Speakers at the dissemination event

Sharing Lessons from Person-Centered Measurement in Sub-Saharan Africa

The PMA2020 PHC surveys in Ghana and Uganda represent an innovative integration of patient-reported outcomes and experiences into national PHC assessments in sub-Saharan Africa. In October of 2019, the Ariadne Labs team was invited to present on the implementation process and lessons learned at the 36th International Conference of the International Society of Quality in Healthcare (ISQua) in Cape Town, South Africa. In particular, the audience was interested in the PMA2020 team’s methodology.
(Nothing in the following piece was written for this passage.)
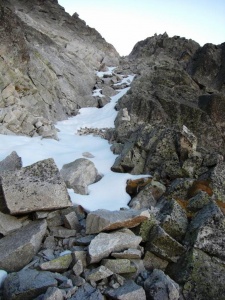 Pujant per la canal sud, amb els colls de Ballibierna i dels bucardos gairebé alineats.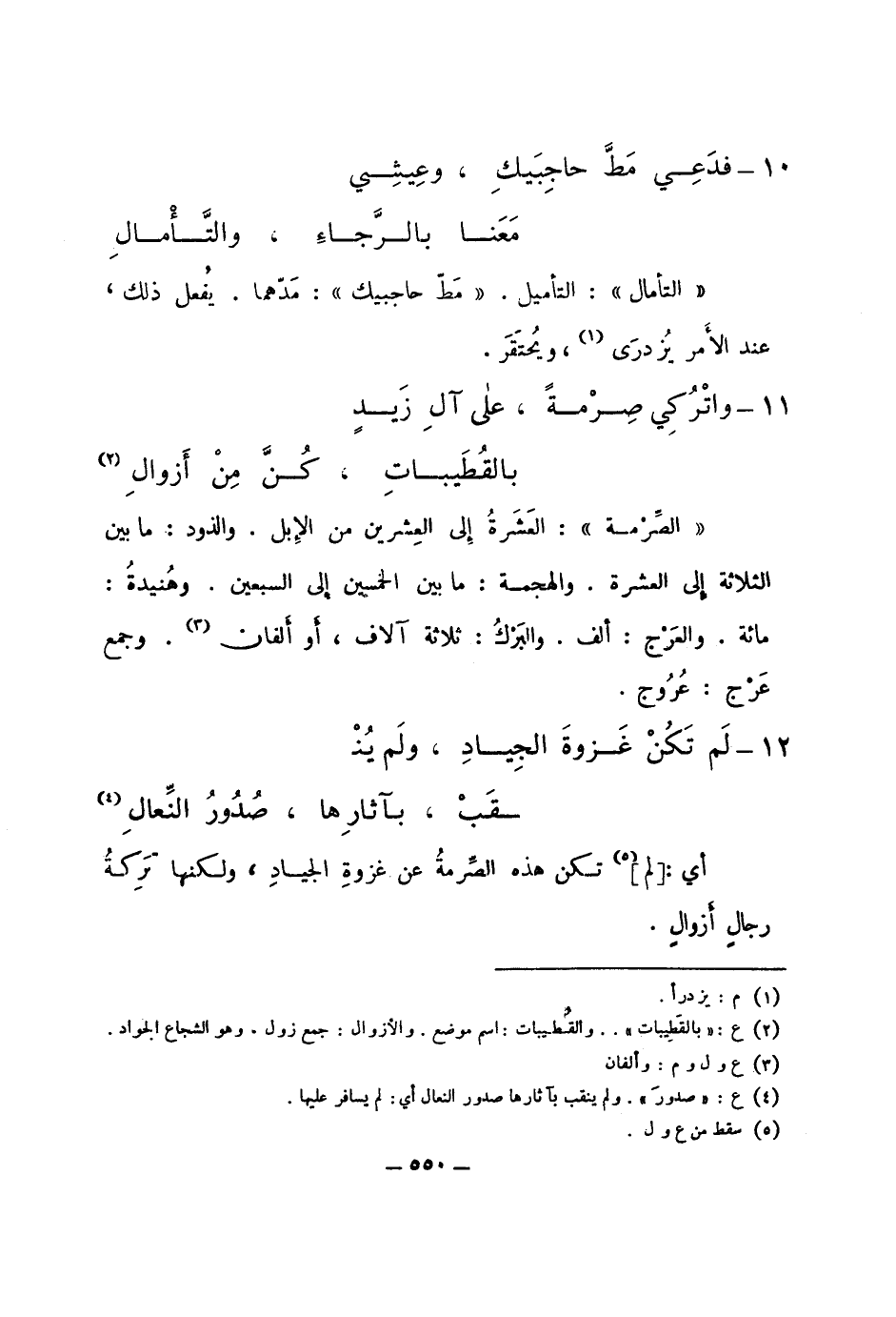"الصرمة": العشرة إلى العشرين من الإبل. والذود: ما بين الثلاثة إلى العشرة, والهجمة: ما بين الخمسين إلى السبعين. وهنيدة: مائة. والعرج: ألف. والبرك: ثلاثة آلاف، أو ألفان. وجمع عرج: عروج.

Using mobile technology and a broad network of survey enumerators who had trusting relationships with participants, the team was able to complete a nationally-representative survey in low-resource settings with rapid turnaround, outstanding response rates (>90%), and novel policy-relevant insights.

June-Ho Kim presents findings

Next Steps

Through the research and development work of the Ariadne Labs PHC team, we seek to build partnerships similar to the PMA2020 surveys in Ghana and Uganda to fill data gaps and accelerate PHC data analytics towards advancing health systems globally. We believe that through close collaboration, data sharing, and innovation in measurement and dissemination, we can reach our vision of learning health systems that transform the global state of primary health care.